Billions of trees are cut down each year to make furniture. BILLIONS. Some of that timber is visible and adds to an attractive look. Some of it, though, is hidden. A lot of the wood used for chairs, sofas, beds and the like are never seen but wood is chosen because chopping down trees is still cheap.

Plastic, too, makes up a good amount of the inner structure and padding. Think: foam or other stiff padding. Petroleum-based fabrics are also typical so we’re seeing tons and tons of this material throughout the entire design. Does all of this really need to be virgin plastic?

Robert Milder doesn’t think so. Robert is a Dutch designer and innovator helping to address issues like deforestation and plastic pollution, one piece of furniture at a time. His business, Van de Sant was born from a need to address the latter, specifically ocean-bound plastic, but he quickly realised he could make sofas, chairs, loungers, benches and the like entirely from rescued materials.

Van de Sant works with ReBlend and BIONIC to source fabric made from post consumer textile waste and recycled plastic PET. Van de Sant padding is made from recycled foam.

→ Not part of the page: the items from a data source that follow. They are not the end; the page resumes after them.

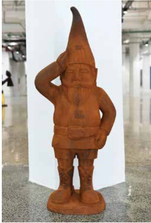
GREGOR KREGAR Corten Thinker Gnome, 2022

cast iron 1200 x 430 x 350mm Edition of 3 $15,000
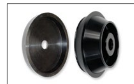
Light Truck Cone Kit
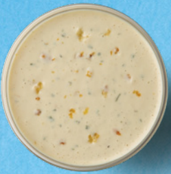
HOT HONEY RANCH
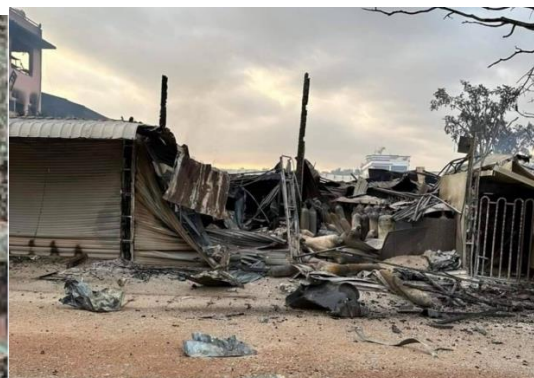
Building damaged by SAC shells in Loikaw town

On December 14, the SAC carried out four aerial bombings in Loikaw, specifically targeting Badoh ward, an area without direct fighting. As a consequence, civilian homes were destroyed by the bombing.
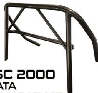
CSC 2000 MIATA ROLL BAR KIT $ 485.00

The structures are made from plastic waste rescued from land and sea. Even the metal they use comes from cutting waste, bar the screws and bolts. Importantly, too, every piece of furniture they produce can be reprocessed into new pieces. In other words, everything can be recycled again.

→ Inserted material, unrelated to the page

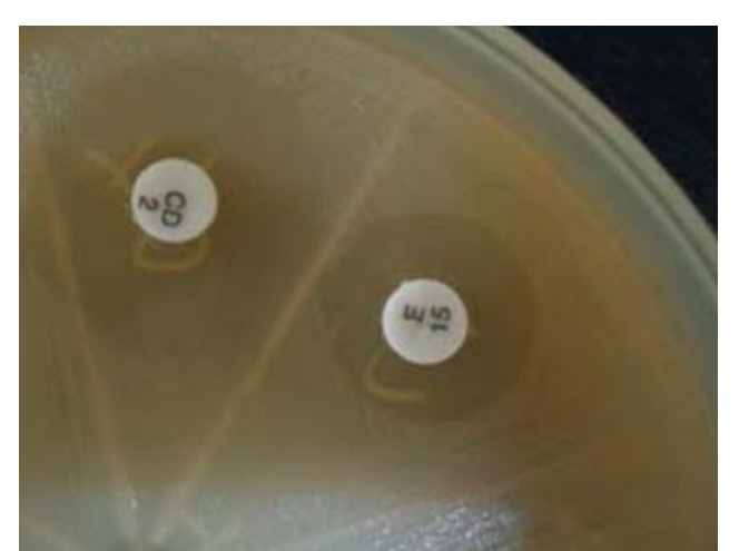
(Figure-4) Sensitive isolate. E-erythromycin 15 µg disc; CL-clindamycin 2 µg disc

Looking at the very sleek design of the lounge chair, pitched in the UK’s Dragons’ Den in 2018, we can see how he’s managed to do it. The body structure and fabric yarn are made entirely from ocean plastic. That frame is completely hidden and yet is incredibly high quality. The chair looks and feels like any other designer piece except it happens to have saved a tree or two, employed a cutting edge designer, made use of post consumer textile waste, saved about 20 bins-worth of plastic from ending up in the ocean and reduced greenhouse gas emissions.

Robert’s pitch won six offers, including one giving him exactly what he came for: £70k for 15% of his business. Though he ended up accepting that offer the deal never went through, as happens on the show from time to time. Nevertheless, his appearance gained him international recognition and he hasn’t stopped reaching out to markets beyond HQ in The Netherlands. 

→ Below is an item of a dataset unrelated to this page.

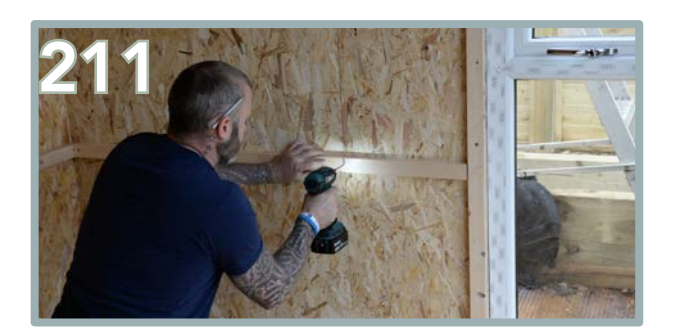
Apply the three shorter 45x28mm battens in between the window and back. These will be flush end to end and ensure they are the same height as the positioned back panels.

I also got to interview Robert about his business. Surely a less stressful meeting than with the Dragons. Recycled materials are still underdeveloped and not yet to the sort of scale required to bring costs down. The technology is there, yes. But collection can be difficult. Virgin materials remain cheap and demand is still catching up, to name but a few barriers. Watch this space for our upcoming exclusive spa pilot scheme with Van De Sant – bringing the circular economy furniture model easily into a spa FF&E budget.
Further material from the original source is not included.